哪位大佬帮忙协助分析一下regexp_substr和substr函数在11g和19c的表现问题:
DROP TABLE dba_man.REG_TEST;
DROP TABLE dba_man.REG_TEST2;
create table dba_man.reg_test(x int,y varchar2(20));
insert into dba_man.reg_test values (1,'1a2a3a4a');
insert into dba_man.reg_test values (2,'5a6a7a8a');
insert into dba_man.reg_test values (3,'9a10a11a12a');
insert into dba_man.reg_test values (4,'13a14a15a16a');
insert into dba_man.reg_test values (5,'17a18a19a20a');
alter table dba_man.reg_test add primary key (x);
create table dba_man.reg_test2(y varchar2(20));
insert into dba_man.reg_test2 values ('1');
insert into dba_man.reg_test2 values ('2');
insert into dba_man.reg_test2 values ('3');
insert into dba_man.reg_test2 values ('4');
insert into dba_man.reg_test2 values ('5');
insert into dba_man.reg_test2 values ('6');
insert into dba_man.reg_test2 values ('7');
insert into dba_man.reg_test2 values ('8');
insert into dba_man.reg_test2 values ('9');
insert into dba_man.reg_test2 values ('10');
insert into dba_man.reg_test2 values ('11');
insert into dba_man.reg_test2 values ('12');
insert into dba_man.reg_test2 values ('13');
insert into dba_man.reg_test2 values ('14');
insert into dba_man.reg_test2 values ('15');
insert into dba_man.reg_test2 values ('16');
insert into dba_man.reg_test2 values ('17');
insert into dba_man.reg_test2 values ('18');
insert into dba_man.reg_test2 values ('19');
insert into dba_man.reg_test2 values ('20');
alter table dba_man.reg_test2 add primary key (y);
test sql:
alter session set "_optimizer_mjc_enabled"=false;
select * from dba_man.reg_test where regexp_substr(y,'[0-9]+',1,rownum) in (select y from dba_man.reg_test2);
select substr(y,1,rownum),t1.* from dba_man.reg_test t1 where substr(y,1,rownum) in (select y from dba_man.reg_test2 T2);
11g:
| 4 | TABLE ACCESS FULL| REG_TEST | 5 | 125 | 3 (0)| 00:00:01 |
|* 5 | INDEX UNIQUE SCAN| SYS_C0088536 | 20 | 240 | 0 (0)| 00:00:01 |
19c:
| 4 | TABLE ACCESS FULL| REG_TEST | 5 | 125 | 3 (0)| 00:00:01 |
| 5 | INDEX FULL SCAN | SYS_C0017807 | 20 | 240 | 1 (0)| 00:00:01 |
问题一:
11g中:
regexp_substr和substr中含rownum时,索引走INDEX UNIQUE SCAN;
19c中:
regexp_substr和substr中含rownum时,索引走INDEX FULL SCAN ;
问题2:
substr中含rownum时,11g和19c出来的结果集不一致。
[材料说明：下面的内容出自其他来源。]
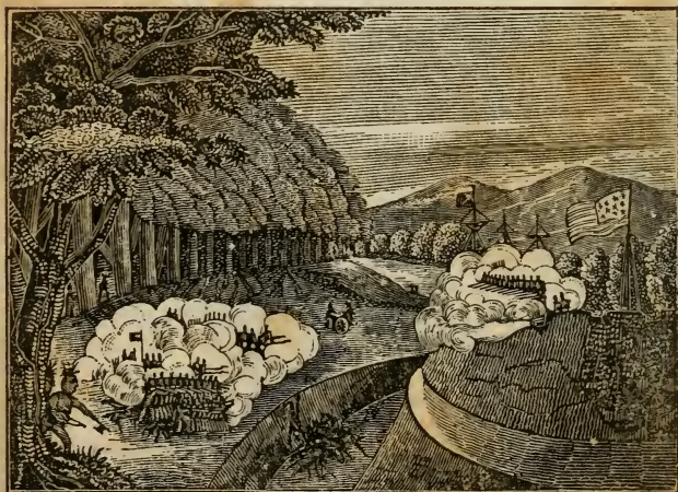
GALLANT DEFENCE OF FORT SANDUSKY, BY MAJOR CROGHAN
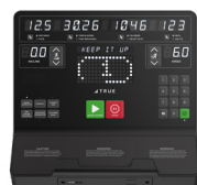
UNITE LED CONSOLE
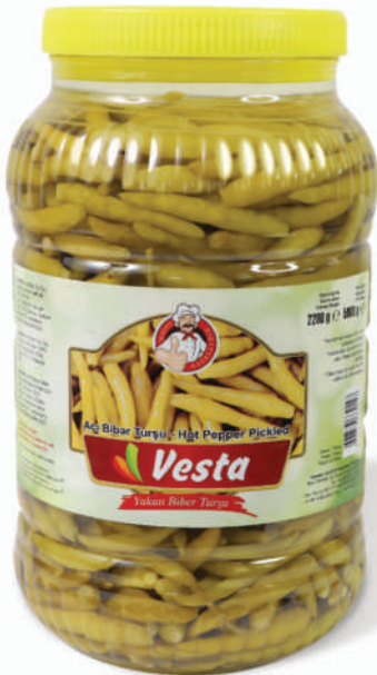
BURNING PEPPER PICKLED
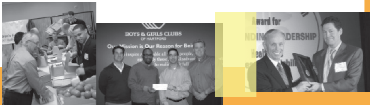
2008 PLUS Foundation Annual Report
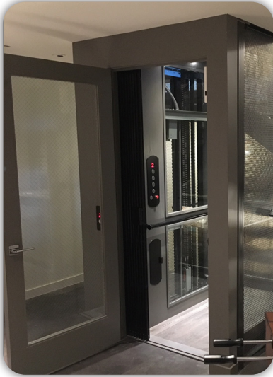
Elevator car features Shaker panels prepped for glass with custom paint finish and flooring.

Symmetry is masterful at creating custom residential elevators designed and built to reflect your personal taste and complement your surroundings.

11g的出来2条,感觉是对的;19c的出来5条,感觉是错的。
11g执行结果:
select substr(y,1,rownum),t1.* from dba_man.reg_test t1 where substr(y,1,rownum) in (select y from dba_man.reg_test2 T2);
SUBSTR(Y,1,ROWNUM) X Y
-------------------------------------------------------------------------------- ---------- --------------------
1 1 1a2a3a4a
13 4
19c执行结果:
select substr(y,1,rownum),t1.* from dba_man.reg_test t1 where substr(y,1,rownum) in (select y from dba_man.reg_test2 T2);
SUBSTR(Y,1,ROWNUM) X Y
------------------------------------------------------------------------------------------------------------------------------------------------------------------------------------------------------------------------------------------------ ---------- ------------------------------------------------------------
1 1 1a2a3a4a
13 4 13a14a15a16a
17a 5 17a18a19a20a
5a6a 2 5a6a7a8a
9a10a 3 9a10a11a12a
对于问题2:
19c的这条sql
select /*+ OPT_PARAM('_optimizer_mjc_enabled','false') */
substr(y, 1, rownum), t1.*
from reg_test t1
where substr(t1.y, 1, rownum) in (select t2.y from reg_test2 T2);
复制其实是按下面这个样子执行的
select /*+ OPT_PARAM('_optimizer_mjc_enabled','false') */
substr(y, 1, rownum), t1.*
from reg_test t1
where substr(t1.y, 1, (select rownum from dual)) in (select t2.y from reg_test2 T2);
复制也就是说,条件中函数的参数里如果有rownum,rownum就等于1
你可以尝试删掉一行记录再测试查询,来验证我的说法
delete reg_test2 where y='9';
复制这个问题其实和我这个月写的一篇文章有相似之处,就是rownum在某些时候会直接认为是等于1,而不是查询数据的行数。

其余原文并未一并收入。